- **Given information**:
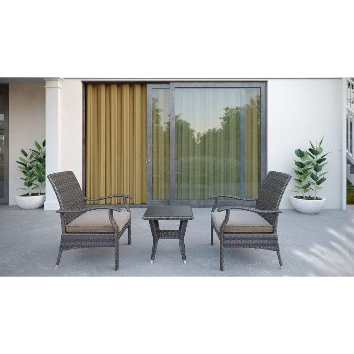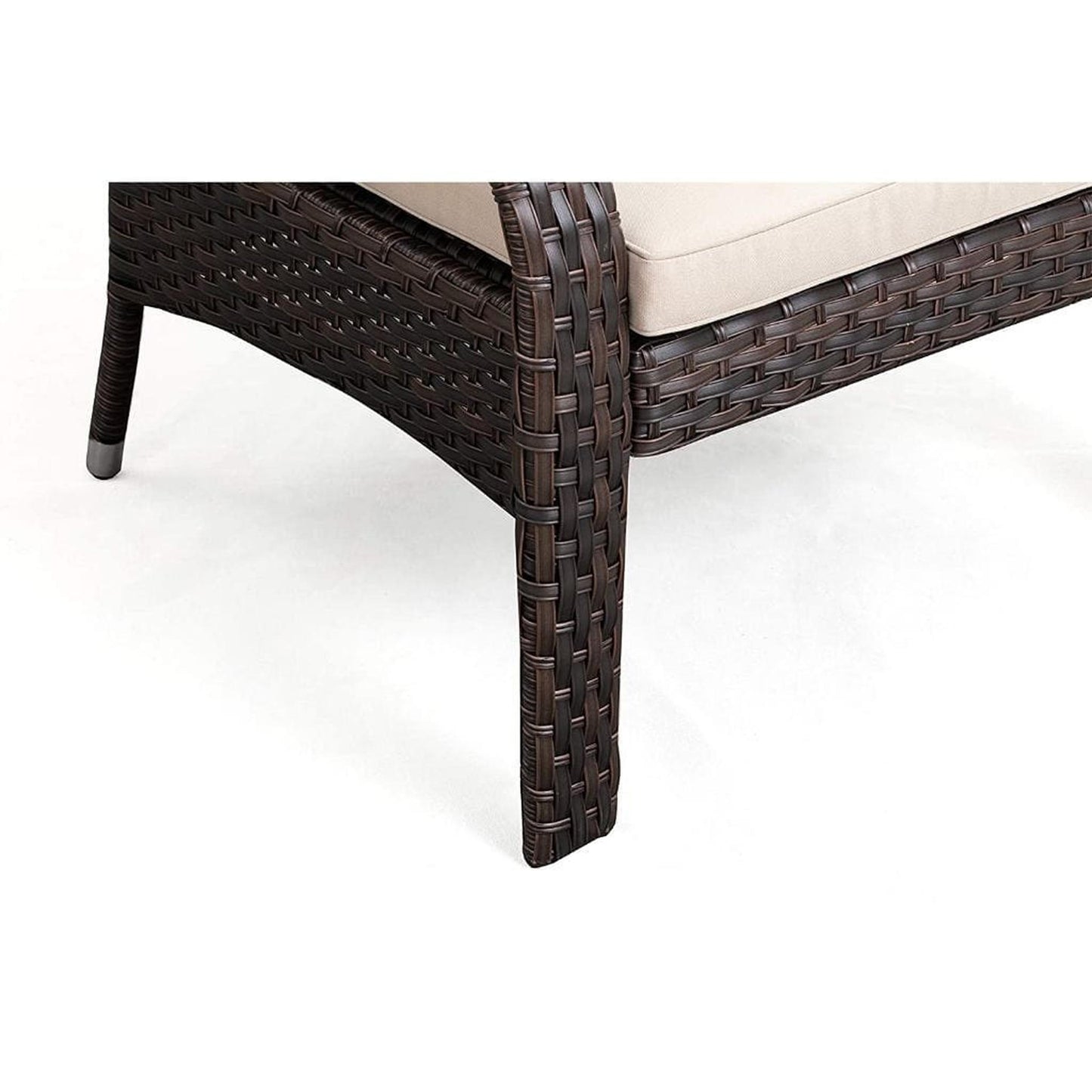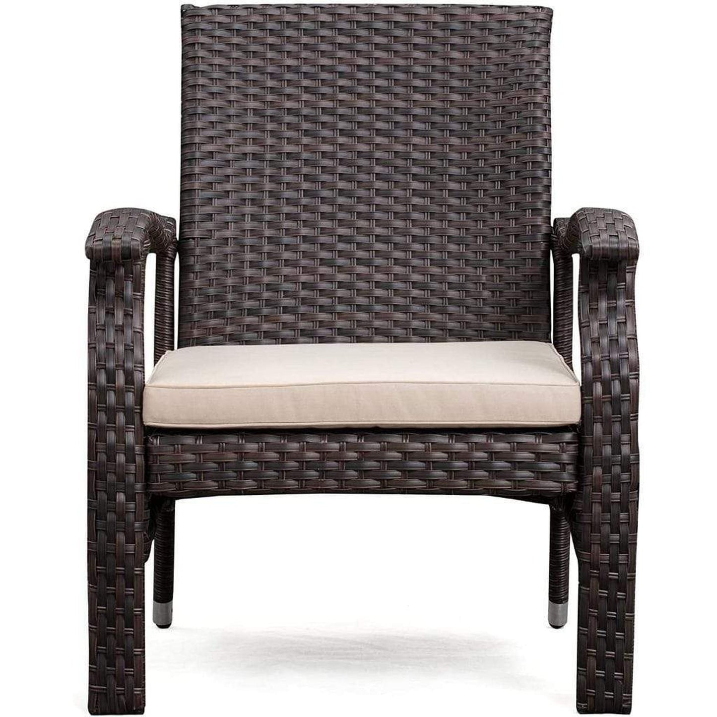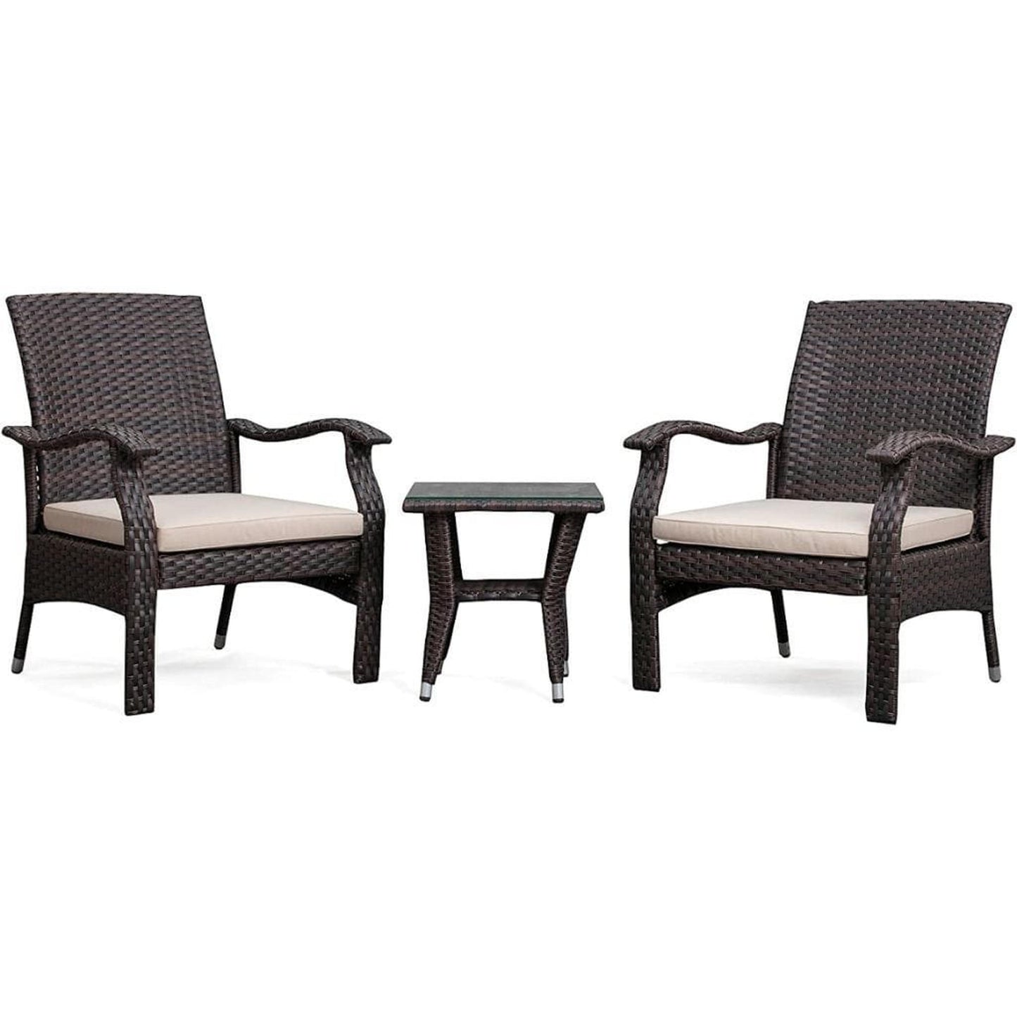 The Miles Wicker Conversation Set is constructed of all-weather wicker and includes comfortable beige cushions. The lightweight yet durable armchairs and glass-topped occasional table are perfect for enjoying an evening on the patio or relaxing poolside. The attractive mocha finish is the ideal accent for any patio. This wicker set can be used year-round and provides a maintenance-free outdoor seating experience.
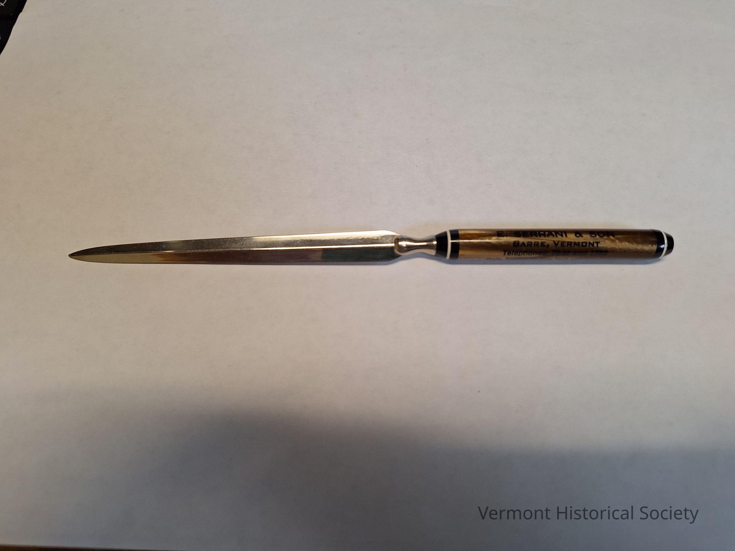 Letter opener. The blade is a thin piece of metal that tapers to a point at the end. The round handle is polished brown plastic to look like faux wood grain and has bands of black and white stripes on either end. Printed on the handle are the words, "E. SERRANI & SON / BARRE, VERMONT / Telephones: 78-M and 1582 / Daily Services to New York and New Jersey" in black.
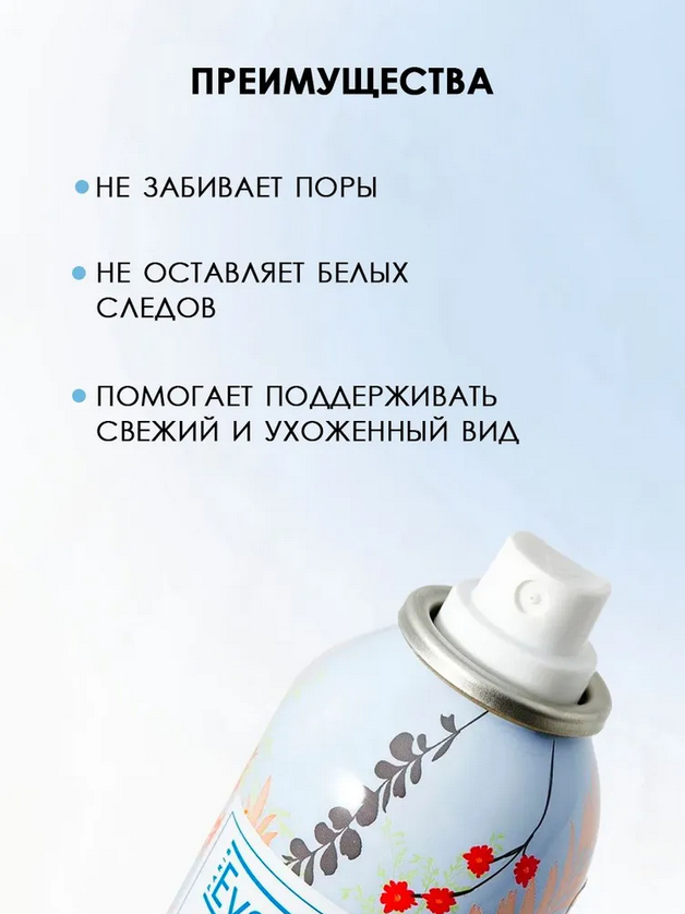 Используйте шампунь на сухих волосах, накинув полотенце на плечи. Встряхните перед использованием и еще раз между распылениями. Держите его на расстоянии 15 см от волос и распыляйте легким нажимом, концентрируясь на корнях. Оставьте на 2 минуты, затем расчешите волосы, чтобы удалить излишки продукта.Состав
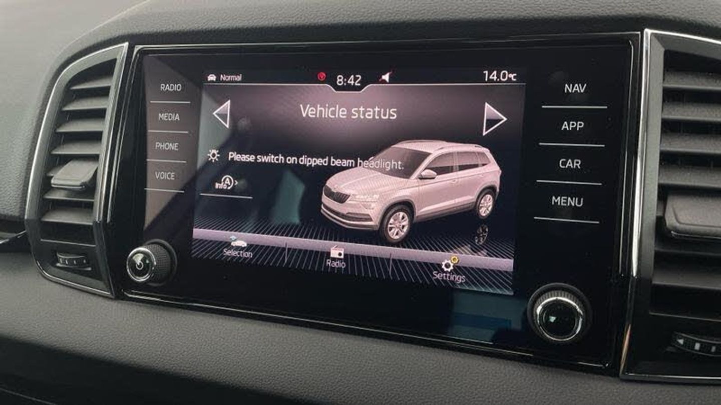 Virtual Cockpit - 10.25 digital display, Metallic - Brilliant silver, Acoustic glass, Headlight washers, Light assistant (coming/leaving home/tunnel light), MSR, ASR, EDS, HBA, DSR, RBS, MKB and traction control, Front assist radar scanning of the space in front of the car with automatic braking, Hill hold control, Driver alert system, Driver profile selection, Driver airbag, 4 lashing points on luggage floor, Height/reach adjust steering wheel, Sunvisors with illuminated vanity mirrors, Start/stop system with regenerative braking, Outside temperature gauge, Service interval indicator, Backrest release, Front seat and rear pockets, SD card slot, USB connection, [Audio and Communications]12V socket in boot, DAB radio with Bluetooth, [Drivers Assistance]Drive mode selector, Rear view camera, Tyre pressure display, Tyre pressure monitor, Driver fatigue sensor, Multifunction colour trip computer, [Exterior]Electric front and rear windows with child proof lock, Heated rear windscreen, Privacy glass, Body colour door mirrors and handles, Body coloured bumpers, Chrome roof rails + chrome pack - Kodiaq, [Illumination]Automatic headlight control system, Full LED headlights + adaptive front light system + LED daytime running lights and front cornering fog lights, LED rear lights with high functionality, Third brake light, [Interior]Aero front windscreen wipers with intermittent function, Black electric window control buttons, Safety reflectors on front doors, Textile floor mats, Dual zone climate control, Pollen filter, 1.5 litre bottle holders in driver and front passenger door panels, 12v socket in front centre armrest with storage compartment and rear air vents, 2 Folding hooks and nets in boot, 4 foldable roof handles with rear coat hooks, Chrome inner door handles, Folding tables on the front seat backrests, Ice scraper, Illuminated and cooled glovebox, Net programme in boot, Pen holder, Rear boot cover, Retractable parcel shelf attachable to tailgate, Storage box in upper central dashboard closed, Storage compartment below the passenger seat, Umbrella under passenger seat, 2 Front readings lights for driver and passenger, Cargo elements in boot, Illuminated luggage compartment, Rear reading lights, Removable LED torch in the boot, Safety vest holder, Chrome framed air vents, Height adjustable passenger seat, Rear seats fixed folding and divided 60:40, VarioFlex seats with retractable parcel shelf, Storage on wheel cover, [Safety and Security]Electronic parking brake with auto hold function, Emergency rear braking signal, ESC including ABS, Airbags - Front side, head, knee and curtain, Automatic door unlocking in case of crash, Automatic fuel cut off in case of crash, Passenger airbag with switch-off function, Pedestrian monitor, Seatbelt reminder signalisation and pretensioner for all seats, Three point seatbelts rear, Two tone horn, 3 rear height adjustable headrests, Height adjustable front three point seats belts with tensioners, Isofix child seat preparation outer rear, Alarm with interior monitoring, back up horn and tilt sensor with safe function, Electronic engine immobiliser, Keyless entry and keyless start with safe system, Remote central locking with 2 remote folding keys

- **Task to carry out**: The answer must be the lines above from the one containing "Letter opener. The" through the one containing "Используйте шампунь на", reproduced exactly, with no pictures and nothing else.

- **Answer for this exercise**:
 Letter opener. The blade is a thin piece of metal that tapers to a point at the end. The round handle is polished brown plastic to look like faux wood grain and has bands of black and white stripes on either end. Printed on the handle are the words, "E. SERRANI & SON / BARRE, VERMONT / Telephones: 78-M and 1582 / Daily Services to New York and New Jersey" in black.
 Используйте шампунь на сухих волосах, накинув полотенце на плечи. Встряхните перед использованием и еще раз между распылениями. Держите его на расстоянии 15 см от волос и распыляйте легким нажимом, концентрируясь на корнях. Оставьте на 2 минуты, затем расчешите волосы, чтобы удалить излишки продукта.Состав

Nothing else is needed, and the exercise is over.